══ GIVEN DATA ══

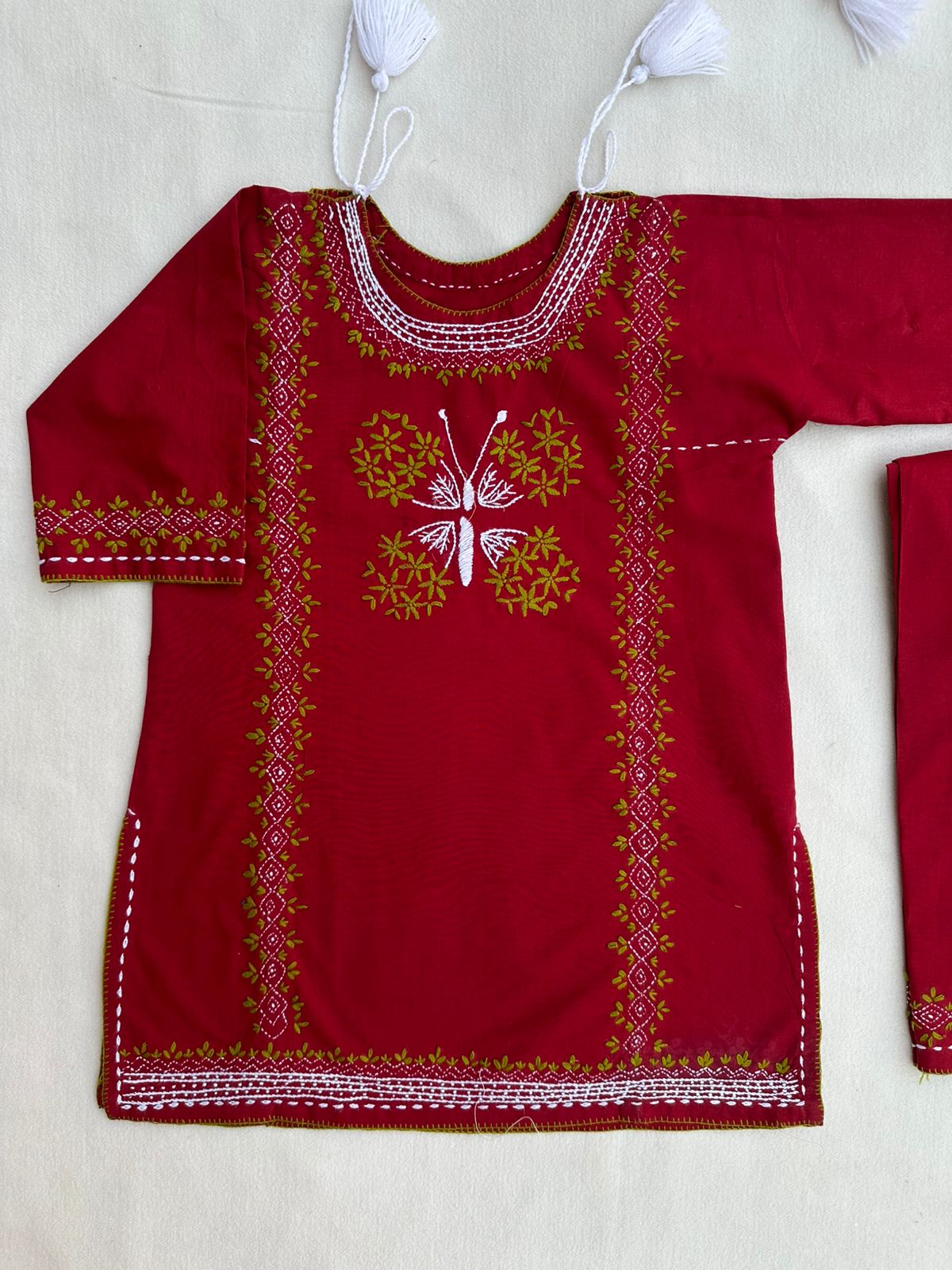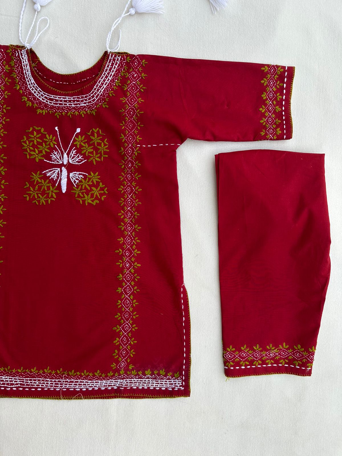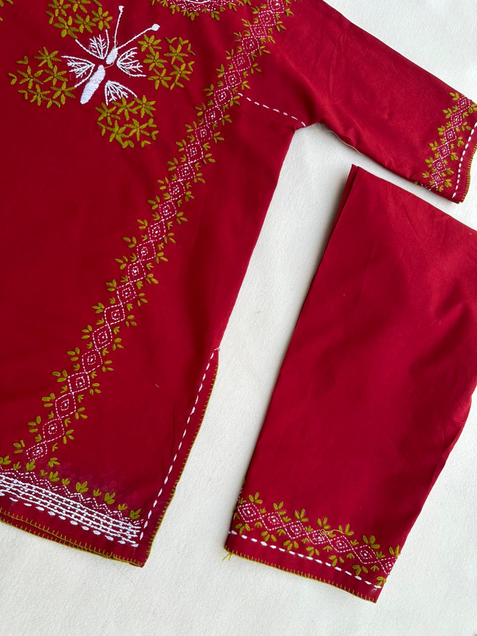 A stunning red-mehroon colored dress featuring elegant butterfly-style hand embroidery. Crafted on premium lawn fabric, this outfit blends tradition with modern grace. The unique design and intricate detailing give it a luxurious and festive look—perfect for any special occasion or summer gathering.
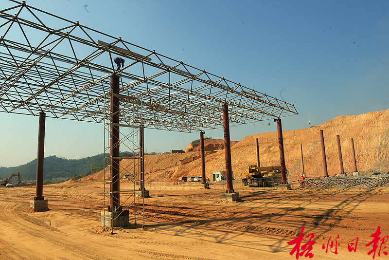 ????11月2日,在梧州環城高速省際二號互通,施工人員正在安裝收費站的頂棚。
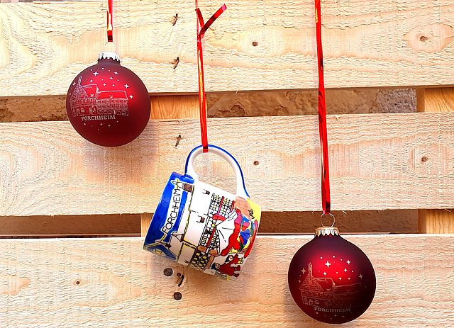 Die qualitativ hochwertigen Kugeln können nur direkt in der Tourist-Information zu einem Preis in Höhe von jeweils 6,00 Euro erworben werden. Ein weiteres Weihnachtssouvenir im Sortiment ist die Forchheim-Tasse „Mila“ in ansprechendem weihnachtlichem Design. Mit feinen Details und froher Farbenpracht wird das Weihnachtsmarktgeschehen vor dem Rathaus auf der Tasse dargestellt. Die Tasse ist in der Tourist-Information für 11,95 Euro zu erhalten.
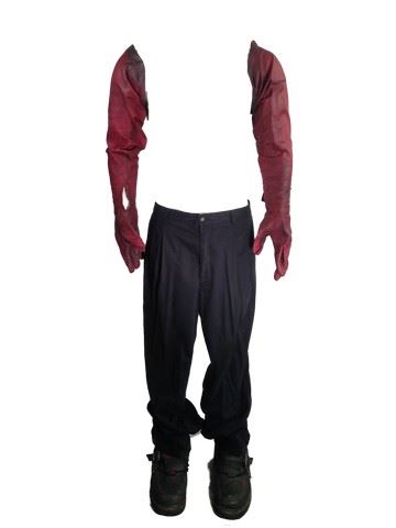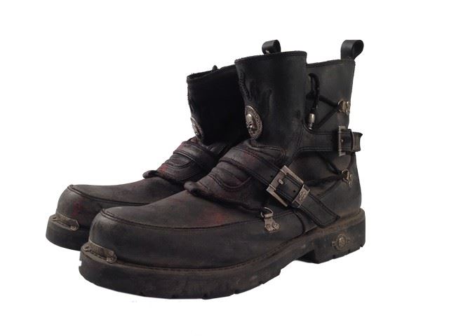 The Axe Man #1 (Ray Olubowale) screen worn, production distressed, large, black and blooded leather apron with bullet holes in the chest and a belt and large gold buckle in the back. Includes long red leather sleeve gloves, a pair of navy blue "Britches" cargo pants and a pair of big black bloodied boots with metal skull emblems on the tongue and sole. Wardrobe tag included.
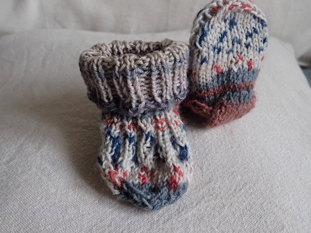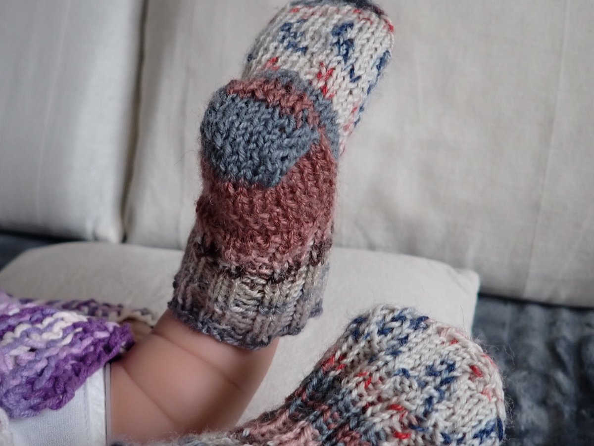 Pletené ponožky pro panenku - miminko vhodné i pro jiné panenky podobných rozměrů, případně pro novorozeňátka na focení. Délka chodidla je 9 cm a vysoké jsou 8 cm.

═══

[WORK TASK]: All entries above should be returned exactly, apart from their pictures.

[COMPLETED EXERCISE]:
 A stunning red-mehroon colored dress featuring elegant butterfly-style hand embroidery. Crafted on premium lawn fabric, this outfit blends tradition with modern grace. The unique design and intricate detailing give it a luxurious and festive look—perfect for any special occasion or summer gathering.
 ????11月2日,在梧州環城高速省際二號互通,施工人員正在安裝收費站的頂棚。
 Die qualitativ hochwertigen Kugeln können nur direkt in der Tourist-Information zu einem Preis in Höhe von jeweils 6,00 Euro erworben werden. Ein weiteres Weihnachtssouvenir im Sortiment ist die Forchheim-Tasse „Mila“ in ansprechendem weihnachtlichem Design. Mit feinen Details und froher Farbenpracht wird das Weihnachtsmarktgeschehen vor dem Rathaus auf der Tasse dargestellt. Die Tasse ist in der Tourist-Information für 11,95 Euro zu erhalten.
 The Axe Man #1 (Ray Olubowale) screen worn, production distressed, large, black and blooded leather apron with bullet holes in the chest and a belt and large gold buckle in the back. Includes long red leather sleeve gloves, a pair of navy blue "Britches" cargo pants and a pair of big black bloodied boots with metal skull emblems on the tongue and sole. Wardrobe tag included.
 Pletené ponožky pro panenku - miminko vhodné i pro jiné panenky podobných rozměrů, případně pro novorozeňátka na focení. Délka chodidla je 9 cm a vysoké jsou 8 cm.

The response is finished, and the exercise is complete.